Abstract

We summarize our experimental findings in the arrays of Ni80Fe20 circular nanodots with diameter 300 nm and thickness 20 nm ≤ L ≤ 100 nm, probed by broadband ferromagnetic resonance spectroscopy in the absence of external magnetic field. Spin excitation modes related to the vortex core gyrotropic dynamics were observed in the gigahertz frequency range. Micromagnetic simulations revealed that they are flexure oscillations of the vortex core string with n = 0, 1, 2 nodes along the dot thickness. It was found that for L > 70 nm the intensity of more complicated n = 1 vortex gyrotropic mode is unexpectedly higher than the one of the lowest n = 0 gyrotropic mode. This behavior was clarified on the basis of the inhomogeneous vortex mode phase profiles extracted from micromagnetic simulations and calculated analytically.
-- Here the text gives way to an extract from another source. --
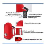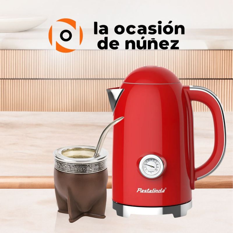Termómetro análogo en el cuerpo de la pava, para saber la temperatura del agua en todo momento.
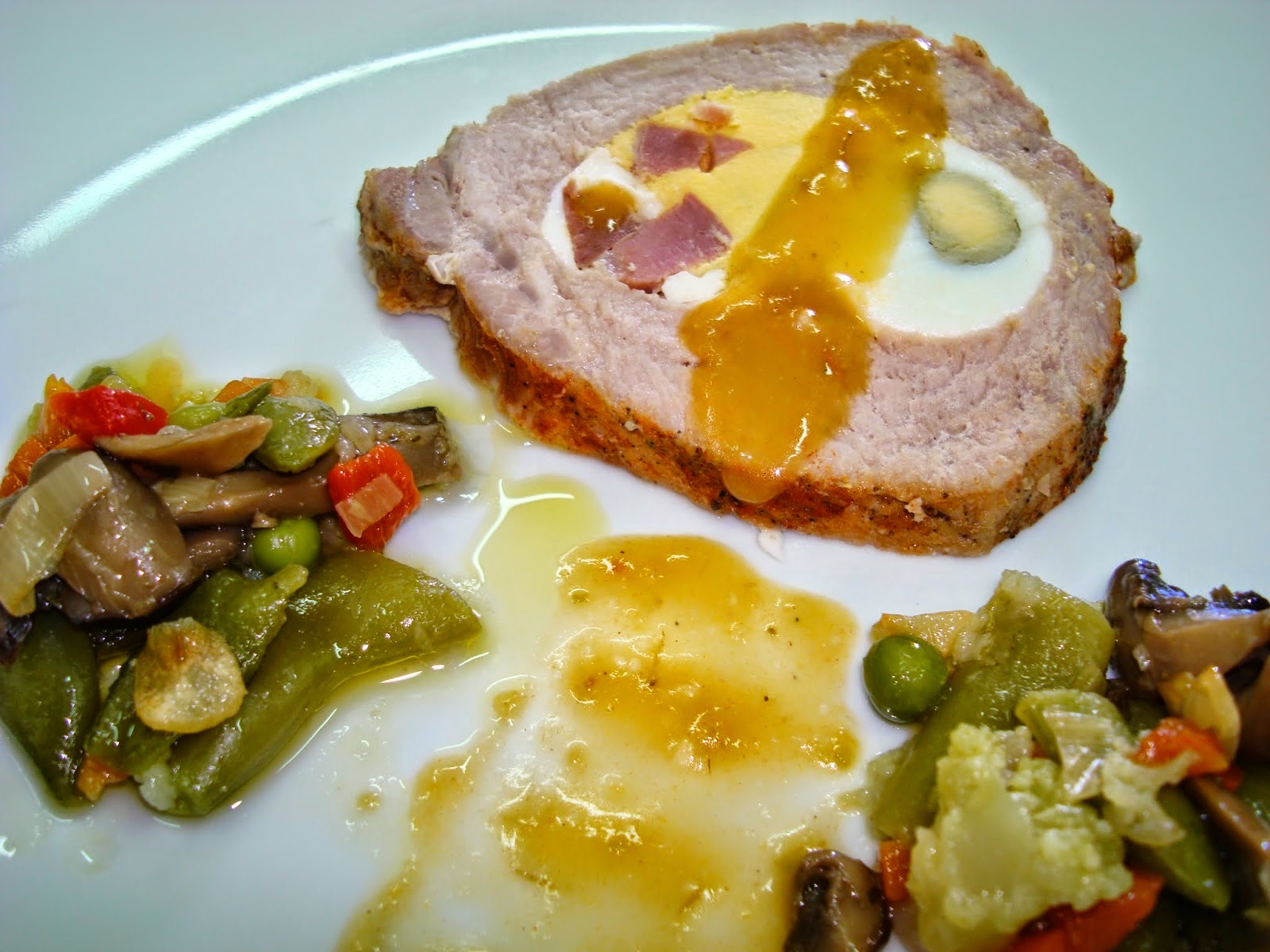 Primero ponemos el horno a 150º a precalentar y mientras hacemos al lomo varias insiciones a lo largo con el cuchillo donde introducimos tiras de jamón, tiras de zanahoria y huevos cocidos, ponemos aceite de oliva VE en la placa del horno, salpimentamos la pieza y le agregamos las verduras troceadas, también ponemos un poco de aceite por la pieza de carne, metemos en el horno y dejamos una hora, después añadimos el vino blanco y subimos la temperatura a 200º damos la vuelta al lomo y de vez en cuando rociamos con el jugo, una vez este dorada la pieza apartamos. Sacamos el lomo de la placa y en una olla ponemos todas las verduras con el jugo dejamos reducir a fuego medio y añadimos el caldo de carne, para finalizar pasamos todo el jugo con las verduras por la batidora y colamos, reservamos la salsa. Para terminar cortamos el lomo en rodajas de centímetro y medio aproximadamente y napamos con la salsa, podemos acompañar con guarnición de verduras.

Precise measurements of the dependence of resonance frequency of the vortex n = 0 mode on the dot thickness demonstrated a clear maximum around L = 70 nm, that was theoretically explained by introducing a vortex mass, which is a result of the vortex distortion due to interaction with spin waves having azimuthal indices m = ±1. Finally, several azimuthal spin-wave modes having curled structure at the dot top and bottom faces were found in the spectrum of the dots with thicknesses L ≥ 40 nm.